Here’s the problem we have with placing a registration process in front of your best content. The value exchange is skewed in favor of you, not the financial advisor, your customer or prospect.
Who has the power in a relationship? The movie “Ghosts of Girlfriends Past” is taking this issue on right now in movie theaters across the country. The debate centers on whether the person with the power is the one who cares the most or the one who cares the least. Matthew McConaughey’s character is going to have to figure this out himself for his love life (no spoilers here).
But for the purposes of requiring registration on financial advisor sites, we respectfully ask you to look at your registration trends and password-only site traffic. Who cares more that your content be consumed or that your company builds its brand awareness? You care more, the advisor cares less. It’s the advisor who has the power in this relationship, isn’t it?
Rock The Boat Marketing’s eBook "Who Says You Can't?" [The eBook has been removed from the site, pending an update], provides content syndication best practices among mutual fund, ETF and other investment management companies. But in a few months those might be considered baby steps, given how two recent announcements accelerate the trend toward the broad distribution of content.
First, from Morningstar via iTunes comes a free iPhone/iPod Touch application providing access to research, investing ideas, real-time quotes, ratings, company profiles, a customizable watch list, ticker look-up and search and financial news. A Blackberry application is planned for this summer. Premium (paid-for) content is in the works, too.
With its first mobile phone app, Morningstar joins other financial services and financial information providers (e.g., Bloomberg, Bank of America, eTrade, Mint.com, Wesabe) in recognizing that people like to access information and functionality on their phones. We’ve written about this previously (see "3 Questions About Your Digital Strategy") but have to mention again now. Independent financial advisors may well be the target audience for this app on this increasingly popular content delivery platform. What could you deliver—free and without the rigamarole of a registration alongside Morningstar?

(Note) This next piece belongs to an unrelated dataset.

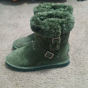 Lamo green faux fur lined boots Sz 8.5 EUC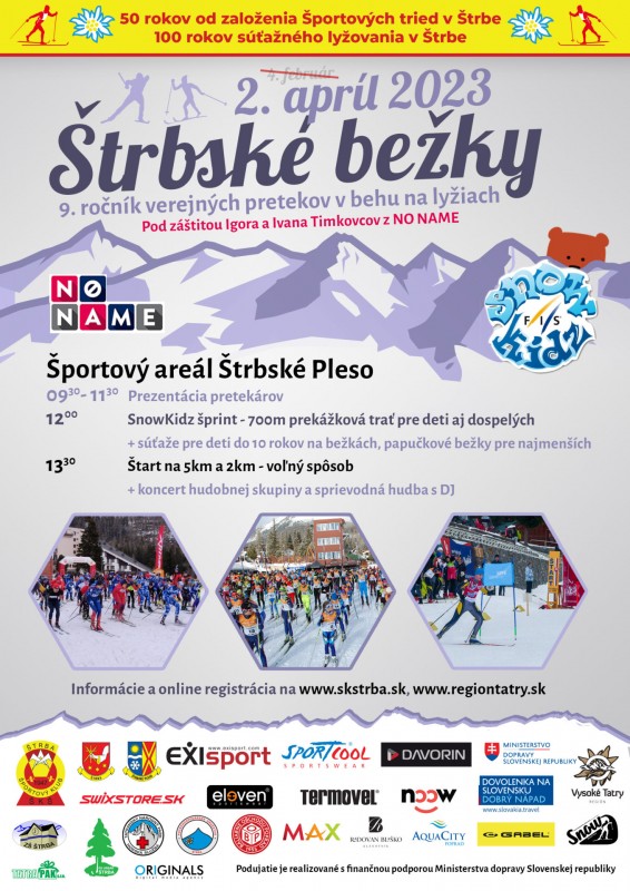 Organizátori zo Športového klubu Štrba chcú svoje skúsenosti z organizácie medzinárodných pretekov a vrcholných pretekov slovenského bežeckého lyžovania využiť na to, aby pripravili kvalitnú a bezpečnú trať a zábavnou formou priblížili bežecké lyžovanie fanúšikom všetkých vekových kategórií. V sobotu 4. februára 2023 sa na Štrbskom Plese uskutoční 9. ročník verejných pretekov v behu na lyžiach Štrbské bežky. Podujatie je pod záštitou hudobnej skupiny No Name. Preteky sú súčasťou kalendára FIS SnowKidz, ktoré združuje podujatia po celom svete s cieľom postaviť deti na lyže. Preteky sú vhodné pre rekreačných bežcov, rodiny s deťmi, skúsených lyžiarov aj fanúšikov, ktorí spomínaných prídu povzbudiť s spoločne sa zabaviť na kultúrnom sprievodnom programe.

The second development comes from Amazon.com, which Wednesday enabled the ability to publish blogs on the Kindle. This is a significant opportunity to introduce your company (or further engage followers) via your content, which you make available via an RSS feed (see our eBook for more on this). As of 9 a.m. CDT Saturday morning, about 500 investing-related blogs had been submitted—none that I could find from an investment management company.
Marketers, please look into this. It’s another way to support the content you create, to meet new people and to generally make sure that your company is within a consideration set (in this case of Kindle users, whose demographics are likely to align with your customers’).
Why would someone pay a nominal monthly fee to subscribe to a blog that’s free on the Internet? I’ve subscribed to a few blogs through Kindle for more than a year now. These are blogs I really care about. I don’t want to miss their posts. I could subscribe via my feed reader but if I don’t get to them in a day or two, they’ll scroll off. On the Kindle, I can read multiple posts at my convenience. I am an engaged consumer of these blogs' content.
Oh, and also Amazon blog subscriptions will generate revenues for you.
What kind of marketer would I be if I didn’t tell you that the Rock The Boat Marketing blog is one of 139 (as of today) marketing blogs available via the Kindle? We're looking forward to Amazon (Amazon!) broadening our reach as well as to the ranking features. While it’s unlikely that we’ll be able to compete on the sort by best-selling, we’ll be focusing on feedback from the customer reviews—that’s assuming, of course, that we survive the 14-day free trial periods. Gulp.
Here are screenshots of the offer of the blog on Amazon.com and what the blog looks like on the Kindle. It looks as if readers of the RTB blog on Kindle will have to go without the wacky over-size images.
This is an exciting time to be marketing what you market—which are the investment insights that power your investment products. There is so much you’ll be able to do when you set your content free.